Maryam and the other prisoners were assigned numbers. Prison officers then tried to take Maryam’s photo, and she resisted.
“A guard yelled, ‘take her’, and they took me to a room where I spent the next three days suspended by my hands. There were three men suspended in the room, as well. The guards beat all of us. The men begged the guards to hit them more instead of me, but they didn’t listen.
“They beat me mercilessly. They broke most of my teeth and kept kicking me in one of my kidneys. I later learned I’d lost 90 percent of function in that kidney.”
After three days, they moved Maryam to a tiny cell with six other women. There was one small vent allowing air to enter from the outside, but the cell itself was nearly pitch dark.
“There was no toilet,” she said. “They would take us to the toilet once per day.”
The women would also be fed just once a day; usually a boiled potato and a piece of bread. Almost every day at mealtime, guards would torture men near the women’s cell.
“I can’t have boiled potatoes in my house to this day. It makes me remember their screams.”
Maryam says the women were routinely brought up to the lieutenant’s office to be interrogated and beaten.
It was here that she met her fingernail-threatening torturer. As he moved on to the next woman, she shouted.
“Against Assad?” Maryam called out. “It’s not like we are going against the word of Allah. We just want justice.” The officer returned and beat her some more.
After the interrogations, the women would be returned to their cell. Some beatings were so intense the women would be covered in blood. But as bad as the beatings became, there was something the women came to fear even more.
“The lieutenant had an office with a bed and a small table for alcohol. He would bring us up there while he drank. Then he would invite officers from outside into his office and tell them to choose a woman. And that’s when we would get raped.
“To the girls who screamed and begged in the name of Allah and the Prophet, he would say ‘Allah is on vacation’. If the girl resisted too much, he forced her to drink arak until she was too drunk to fight.
“I watched them take the virginity of one of my friends… she was a fourth-year medical student who had done nothing wrong. One of my other friends bled severely every time she was raped. A man called Ahmad from Aleppo would come to our cell and bring her injections to stop the bleeding. He would sneak them in, and pretend he was yelling at us in our cell. He has since defected from the regime.”
Maryam recounts countless more horrors. She remembered a young male prisoner who’d been starved for weeks and then forced to eat from a toilet. One of the women in her cell was tortured with electric wires and suffered lasting nerve damage as a result.
Eventually, Maryam was released in a prisoner exchange deal.
“I thought the world would embrace me, but that wasn’t the case.”
Maryam took her children and fled to Jabal Zawiya, near Idlib, where opposition fighters helped to house and feed them. Eventually, she met and married an officer in the opposition. They had a child, a boy.
“I thought my suffering had ended,” she said. “But then my husband was captured [by the regime]… and now, if he is alive, he is facing the same treatment I did as a prisoner.”

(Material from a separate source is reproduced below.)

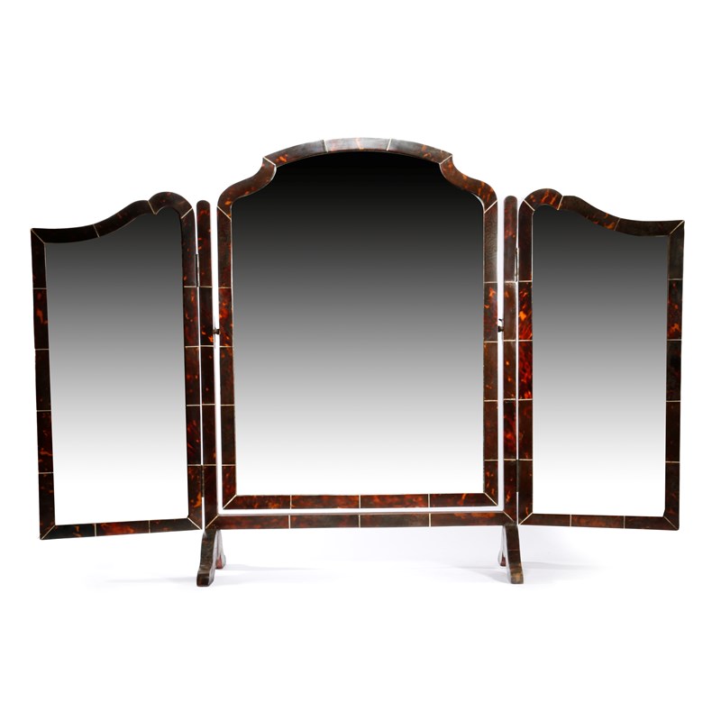 λ A TORTOISESHELL VENEERED TRIPTYCH DRESSING TABLE MIRROR

When her husband was captured, Maryam took her children to Turkey, expecting an easier time. “It is so hard here. So many times my children and I have gone to sleep hungry.”

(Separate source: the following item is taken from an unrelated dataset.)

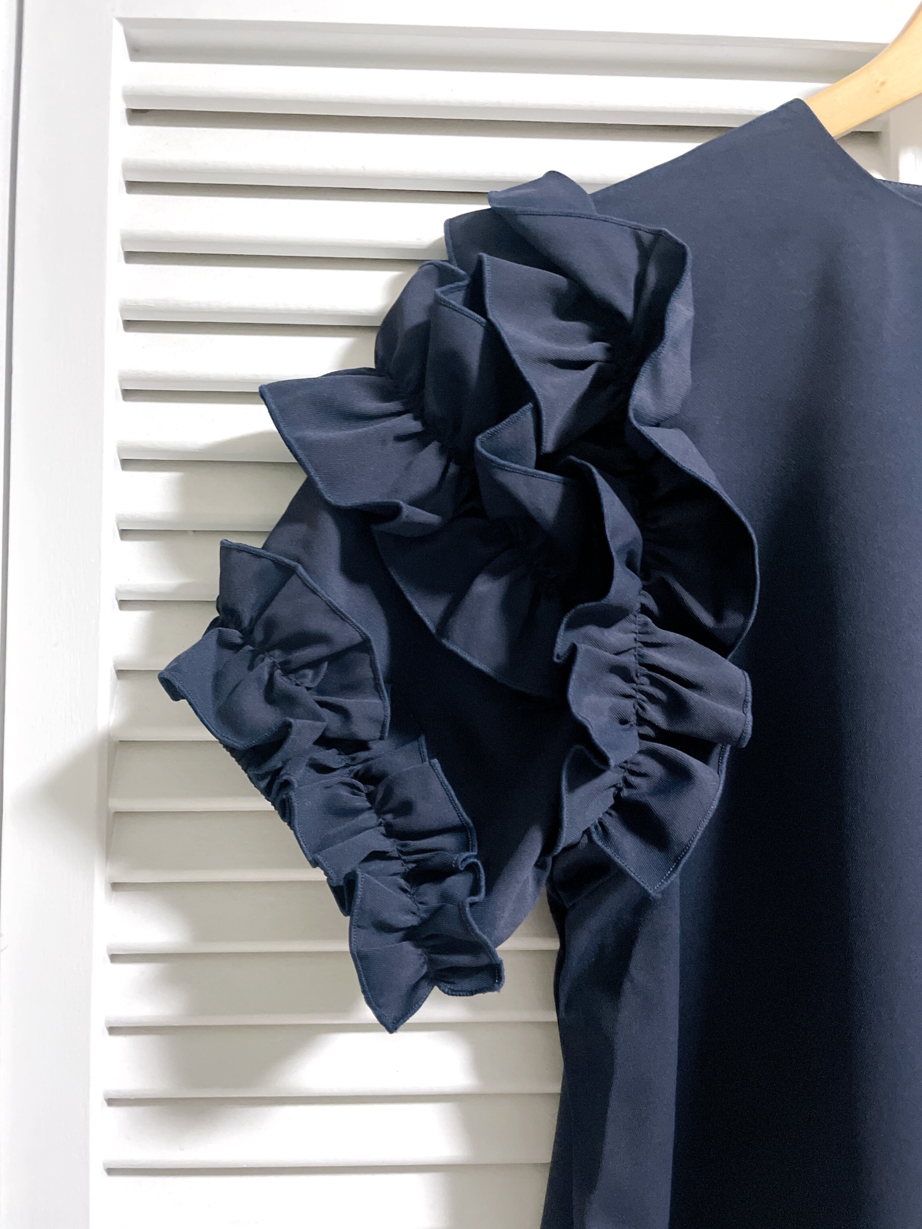 ゴージャスフリル袖の半袖トップス ネイビー

Maryam’s children, traumatized by her ordeal and years in war-torn Syria, are receiving psychological treatment in Turkey. Despite everything, Maryam is hopeful.
“I looked around, and I had nothing in the world but my children. I will raise them and educate them, and pray that they become doctors or engineers. I want to show Bashar, and my parents, and the whole world, that these are the children of the prisoner.
“And I don’t want my children to be embarrassed. I want them to be proud that their mother sacrificed, and left an impact as a political prisoner.”